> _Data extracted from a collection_
---+---

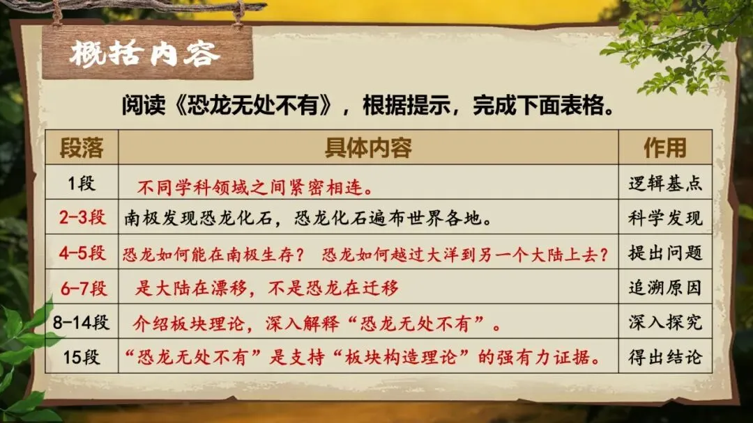 8-14段 | 介绍板块理论,深入解释“恐龙无处不有”。 | 深入探究 |
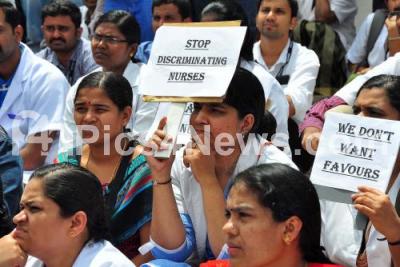 Photo Caption : Members from NIMHANS nurses welfare Association demonstrating against 7th pay commission recommendation in front of Town Hall, in Bengaluru on Wednesday 20th July 2016
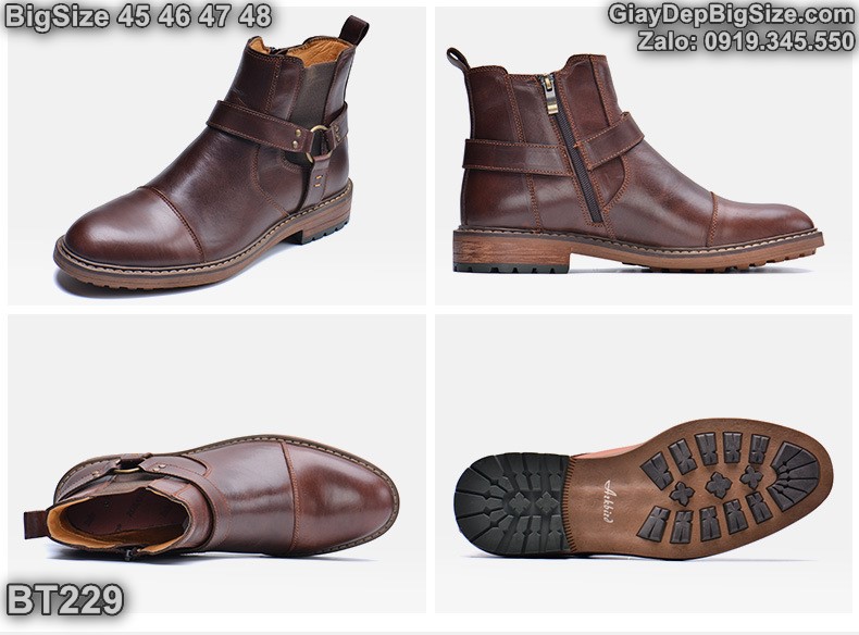 Giày chelsea cổ cao da thật big size cỡ lớn 45 46 47 48 cho nam cao to chân ú bè
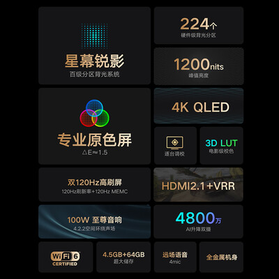 双120Hz高刷屏,高速画面不撕裂、不卡顿,故事画面丝滑流畅;具有Gamma曲线校正,色温调节,可适应多场景,观影更舒适
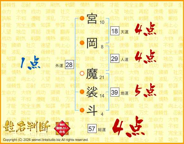 宮(10画)岡(8画) 魔(21画)裟(14画)斗(4画)
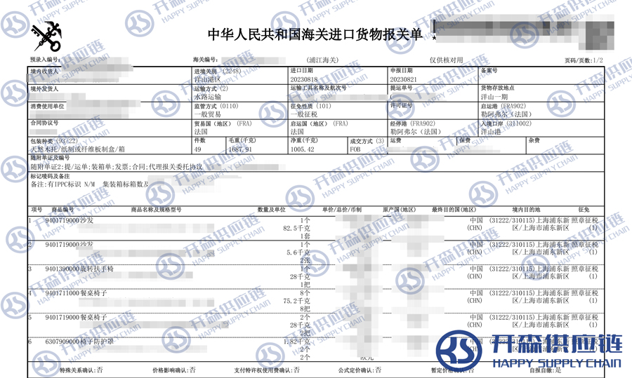 一、法國(guó)家具沙發(fā)進(jìn)口報(bào)關(guān)代理案例詳情
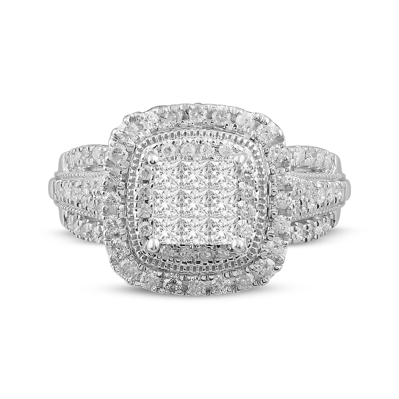 Multi-Diamond Center Princess-Cut Engagement Ring 1 ct tw White Gold Plated
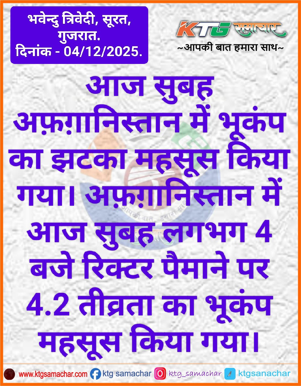 रिक्टर पैमाने पर 4.2 तीव्रता का भूकंप महसूस किया गया।
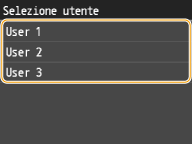 Se nella memoria sono presenti documenti protetti di due o più utenti, viene visualizzata la schermata <Selezione utente> prima della schermata <Selezione file>. Toccare il proprio nome utente.
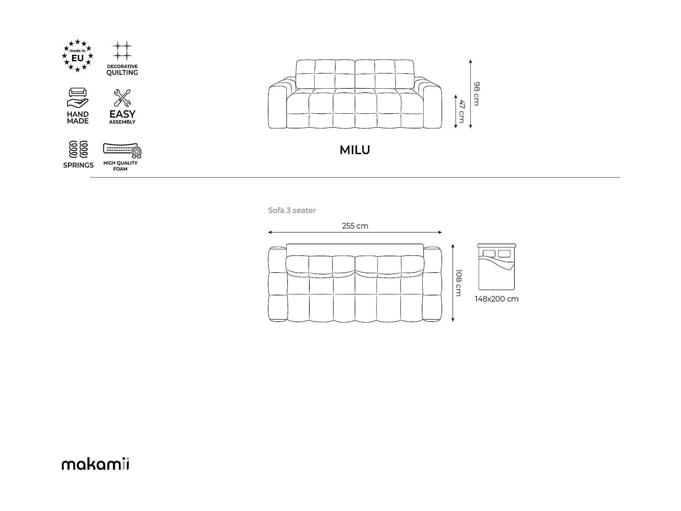 Canapé 3 places convertible en velours - taupe - MILU
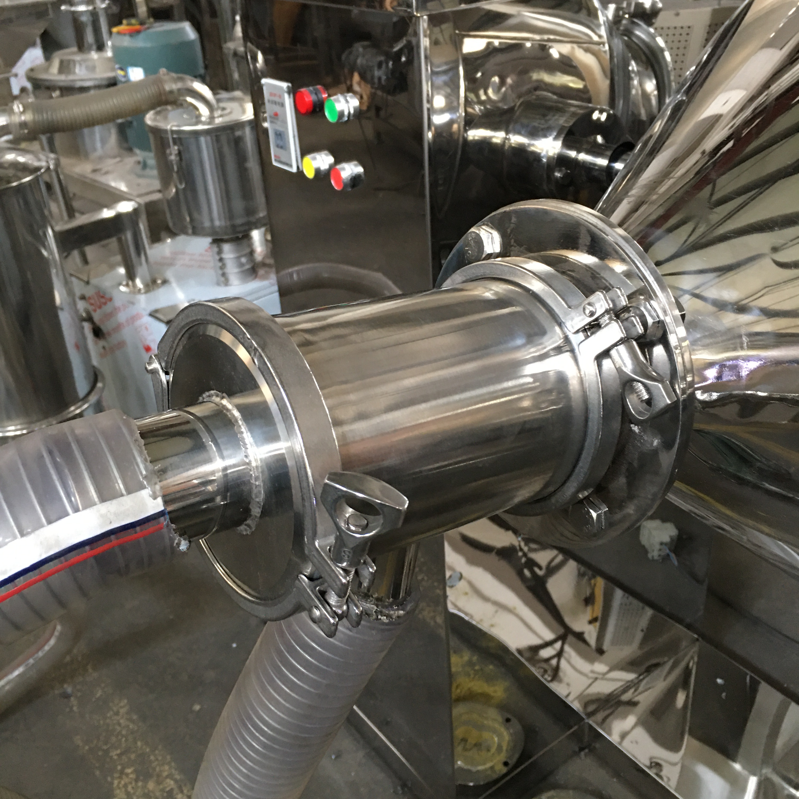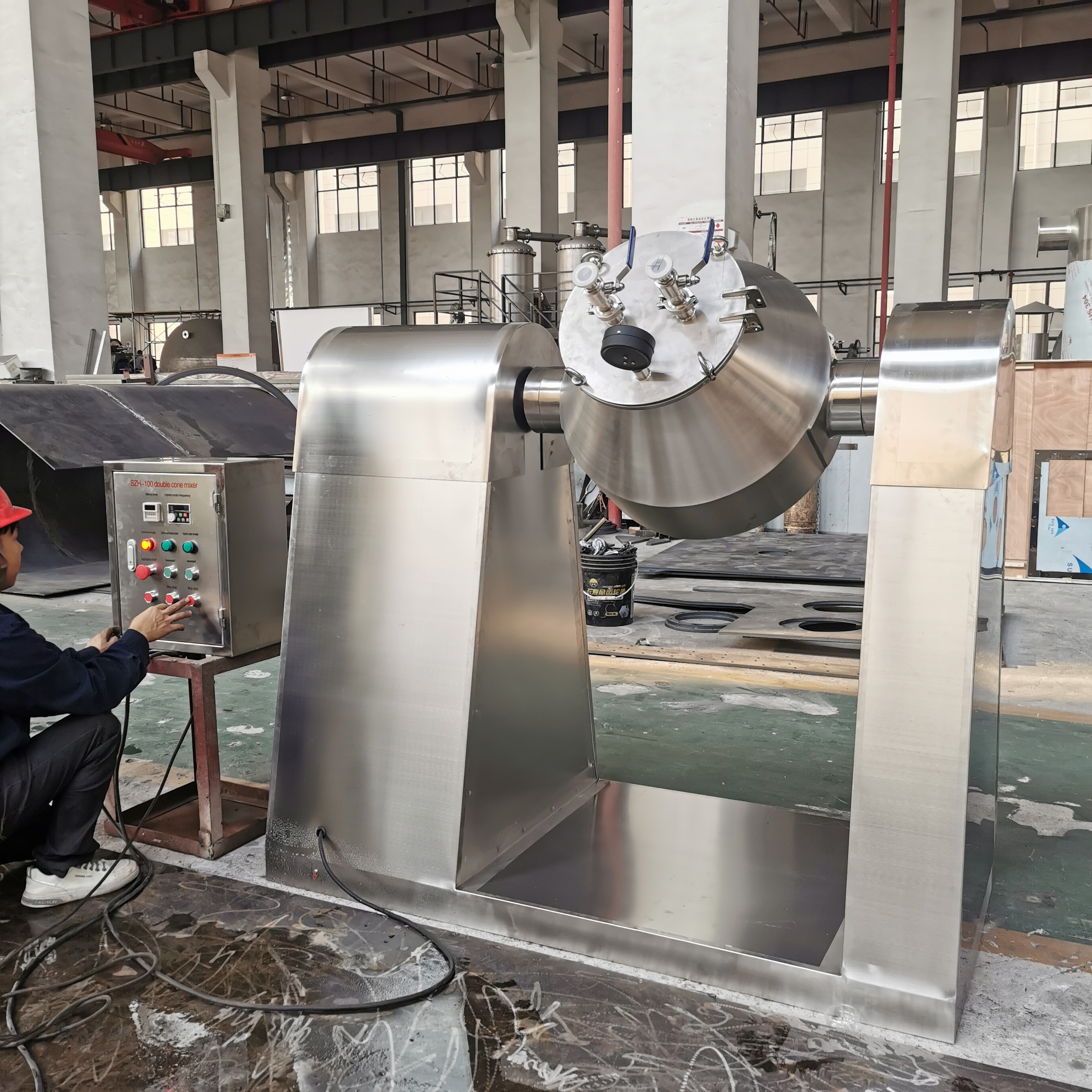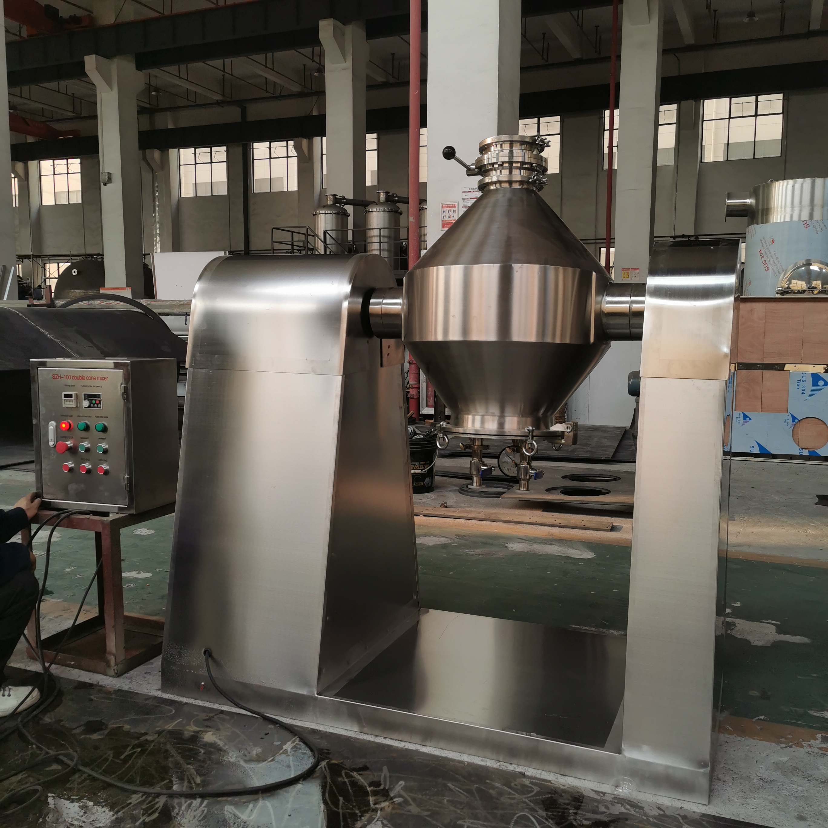 1. The mixing barrel is a W-shaped double-tapered cylinder, and the material is 304-2B high-quality stainless steel plate ring formed by round and close welding, which is more conducive to cleaning the barrel after the material is mixed. Both the inner and outer walls are precisely polished and polished, with smooth surface, no dead ends, thorough discharge, and easy cleaning;

---+---

Set the pictures aside and reproduce the data above exactly.

 8-14段 | 介绍板块理论,深入解释“恐龙无处不有”。 | 深入探究 |
 Photo Caption : Members from NIMHANS nurses welfare Association demonstrating against 7th pay commission recommendation in front of Town Hall, in Bengaluru on Wednesday 20th July 2016
 Giày chelsea cổ cao da thật big size cỡ lớn 45 46 47 48 cho nam cao to chân ú bè
 双120Hz高刷屏,高速画面不撕裂、不卡顿,故事画面丝滑流畅;具有Gamma曲线校正,色温调节,可适应多场景,观影更舒适
 宮(10画)岡(8画) 魔(21画)裟(14画)斗(4画)
 一、法國(guó)家具沙發(fā)進(jìn)口報(bào)關(guān)代理案例詳情
 Multi-Diamond Center Princess-Cut Engagement Ring 1 ct tw White Gold Plated
 रिक्टर पैमाने पर 4.2 तीव्रता का भूकंप महसूस किया गया।
 Se nella memoria sono presenti documenti protetti di due o più utenti, viene visualizzata la schermata <Selezione utente> prima della schermata <Selezione file>. Toccare il proprio nome utente.
 Canapé 3 places convertible en velours - taupe - MILU
 1. The mixing barrel is a W-shaped double-tapered cylinder, and the material is 304-2B high-quality stainless steel plate ring formed by round and close welding, which is more conducive to cleaning the barrel after the material is mixed. Both the inner and outer walls are precisely polished and polished, with smooth surface, no dead ends, thorough discharge, and easy cleaning;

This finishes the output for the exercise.